Exercise instructions >>
The reply must contain exactly the lines below from the one with "通過上圖可以看出,國(guó" down to the one with "Povestea începe cu", both included, and nothing more; please omit the pictures.

Supplied information >>
※ ※ ※
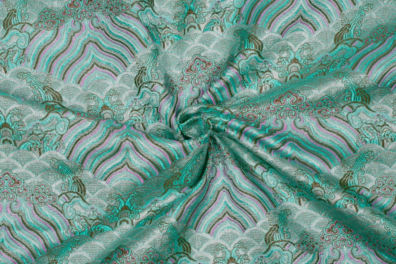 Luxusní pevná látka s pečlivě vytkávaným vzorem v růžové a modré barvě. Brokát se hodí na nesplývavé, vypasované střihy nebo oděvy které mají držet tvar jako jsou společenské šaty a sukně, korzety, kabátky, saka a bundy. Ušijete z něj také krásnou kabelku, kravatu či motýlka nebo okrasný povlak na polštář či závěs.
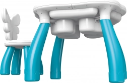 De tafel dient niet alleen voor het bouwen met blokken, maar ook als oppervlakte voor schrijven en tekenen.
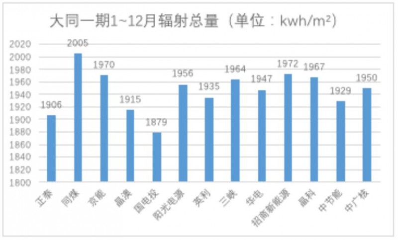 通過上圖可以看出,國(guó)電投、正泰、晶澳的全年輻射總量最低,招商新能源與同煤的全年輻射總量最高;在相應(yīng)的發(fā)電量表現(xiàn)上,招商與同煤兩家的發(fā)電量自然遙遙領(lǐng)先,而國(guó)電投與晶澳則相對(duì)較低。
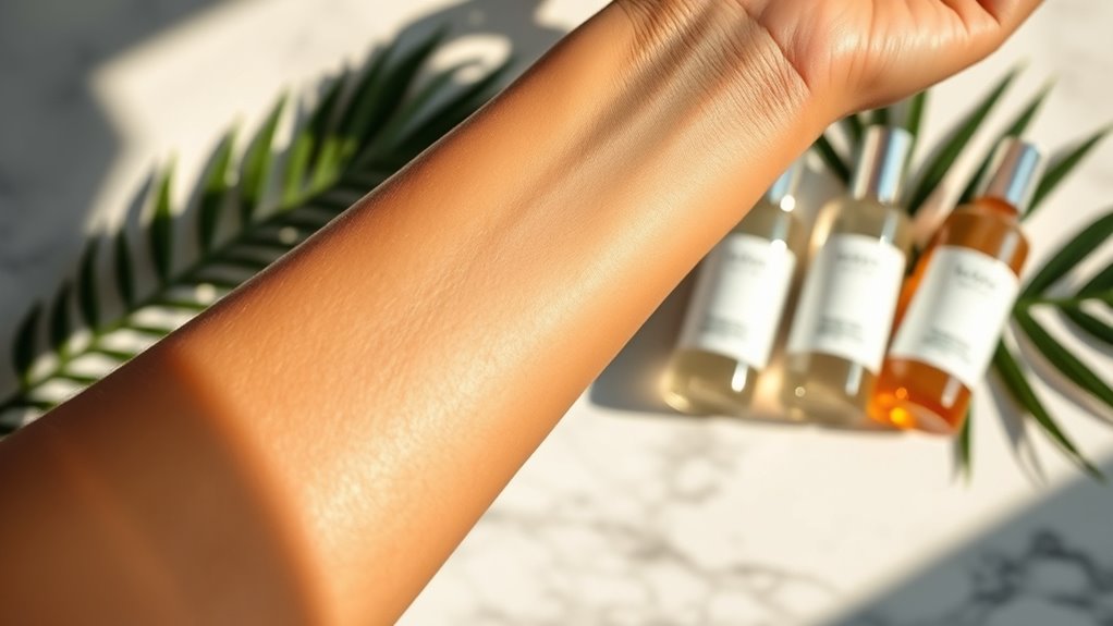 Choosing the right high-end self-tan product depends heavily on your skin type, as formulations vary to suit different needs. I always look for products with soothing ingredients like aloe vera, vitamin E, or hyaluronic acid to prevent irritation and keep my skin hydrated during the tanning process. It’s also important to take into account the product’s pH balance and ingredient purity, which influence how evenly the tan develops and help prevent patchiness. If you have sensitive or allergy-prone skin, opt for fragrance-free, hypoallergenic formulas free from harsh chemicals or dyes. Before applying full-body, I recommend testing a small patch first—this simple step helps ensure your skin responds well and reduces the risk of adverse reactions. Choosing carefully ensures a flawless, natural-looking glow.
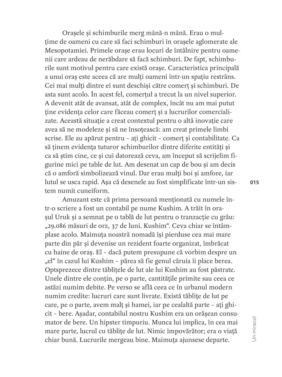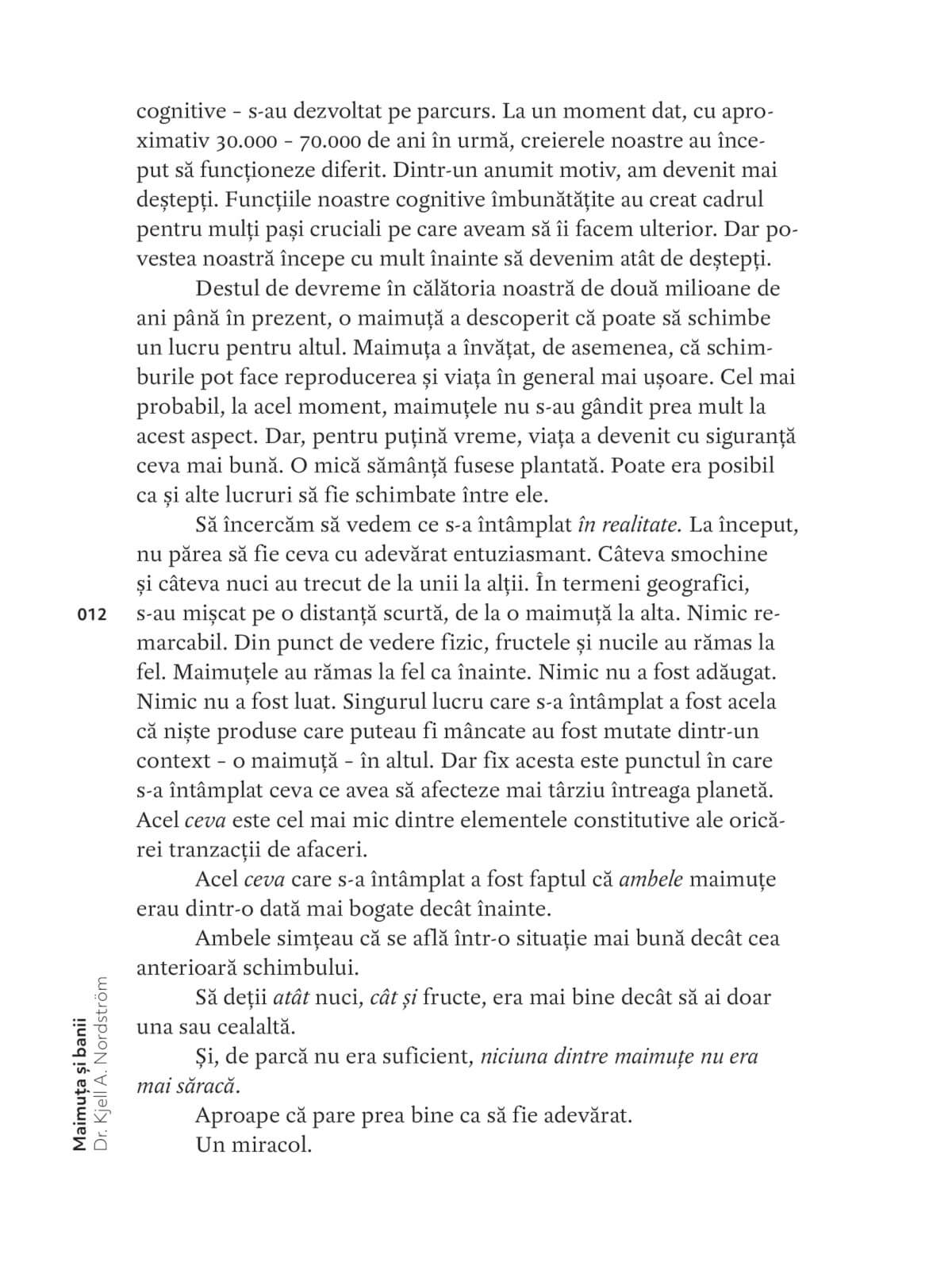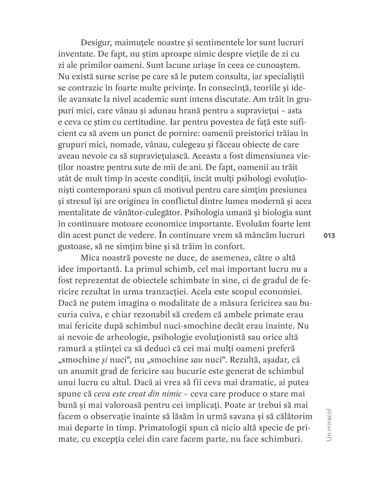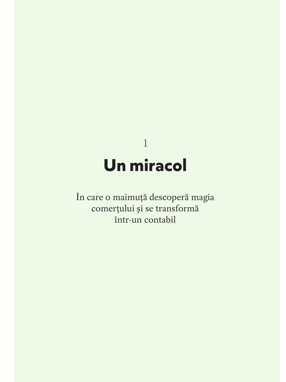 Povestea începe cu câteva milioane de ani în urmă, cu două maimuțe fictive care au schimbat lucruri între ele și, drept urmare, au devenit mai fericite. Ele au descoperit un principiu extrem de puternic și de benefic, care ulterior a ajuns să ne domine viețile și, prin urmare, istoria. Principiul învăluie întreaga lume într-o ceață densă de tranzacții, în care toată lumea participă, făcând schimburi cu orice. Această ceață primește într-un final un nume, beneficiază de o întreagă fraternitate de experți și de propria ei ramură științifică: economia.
※ ※ ※
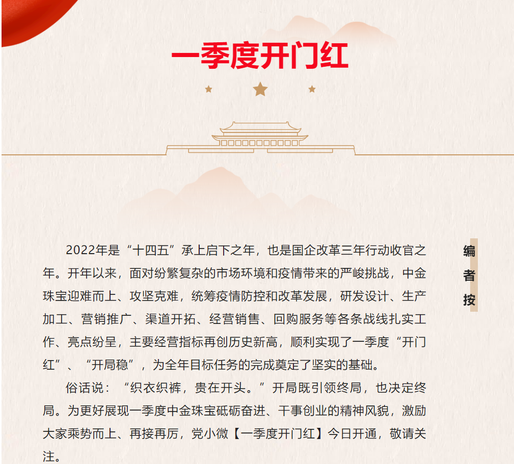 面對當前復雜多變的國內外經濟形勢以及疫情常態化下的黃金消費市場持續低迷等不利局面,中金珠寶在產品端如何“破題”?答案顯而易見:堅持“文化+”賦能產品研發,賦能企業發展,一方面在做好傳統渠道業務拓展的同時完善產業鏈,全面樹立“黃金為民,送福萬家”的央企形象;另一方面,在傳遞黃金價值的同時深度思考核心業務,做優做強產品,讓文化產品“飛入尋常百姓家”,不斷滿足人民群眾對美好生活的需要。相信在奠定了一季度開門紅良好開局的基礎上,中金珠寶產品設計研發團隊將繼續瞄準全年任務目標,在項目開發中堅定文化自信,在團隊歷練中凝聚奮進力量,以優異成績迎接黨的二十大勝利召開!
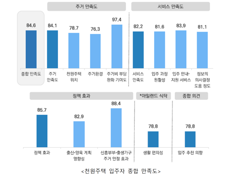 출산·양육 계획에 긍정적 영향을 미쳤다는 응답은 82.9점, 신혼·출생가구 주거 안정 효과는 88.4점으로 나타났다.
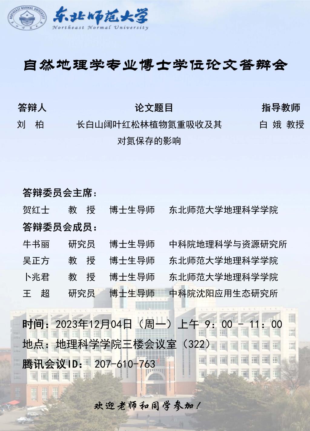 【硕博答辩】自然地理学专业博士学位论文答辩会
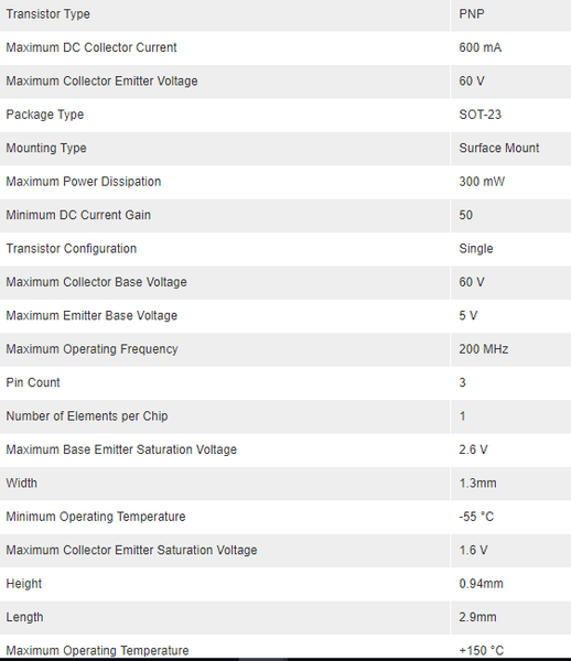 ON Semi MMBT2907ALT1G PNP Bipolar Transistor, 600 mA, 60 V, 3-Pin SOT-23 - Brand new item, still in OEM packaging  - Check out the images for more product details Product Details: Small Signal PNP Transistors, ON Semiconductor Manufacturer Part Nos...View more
※ ※ ※
Exercise output >>
 通過上圖可以看出,國(guó)電投、正泰、晶澳的全年輻射總量最低,招商新能源與同煤的全年輻射總量最高;在相應(yīng)的發(fā)電量表現(xiàn)上,招商與同煤兩家的發(fā)電量自然遙遙領(lǐng)先,而國(guó)電投與晶澳則相對(duì)較低。
 Choosing the right high-end self-tan product depends heavily on your skin type, as formulations vary to suit different needs. I always look for products with soothing ingredients like aloe vera, vitamin E, or hyaluronic acid to prevent irritation and keep my skin hydrated during the tanning process. It’s also important to take into account the product’s pH balance and ingredient purity, which influence how evenly the tan develops and help prevent patchiness. If you have sensitive or allergy-prone skin, opt for fragrance-free, hypoallergenic formulas free from harsh chemicals or dyes. Before applying full-body, I recommend testing a small patch first—this simple step helps ensure your skin responds well and reduces the risk of adverse reactions. Choosing carefully ensures a flawless, natural-looking glow.
 Povestea începe cu câteva milioane de ani în urmă, cu două maimuțe fictive care au schimbat lucruri între ele și, drept urmare, au devenit mai fericite. Ele au descoperit un principiu extrem de puternic și de benefic, care ulterior a ajuns să ne domine viețile și, prin urmare, istoria. Principiul învăluie întreaga lume într-o ceață densă de tranzacții, în care toată lumea participă, făcând schimburi cu orice. Această ceață primește într-un final un nume, beneficiază de o întreagă fraternitate de experți și de propria ei ramură științifică: economia.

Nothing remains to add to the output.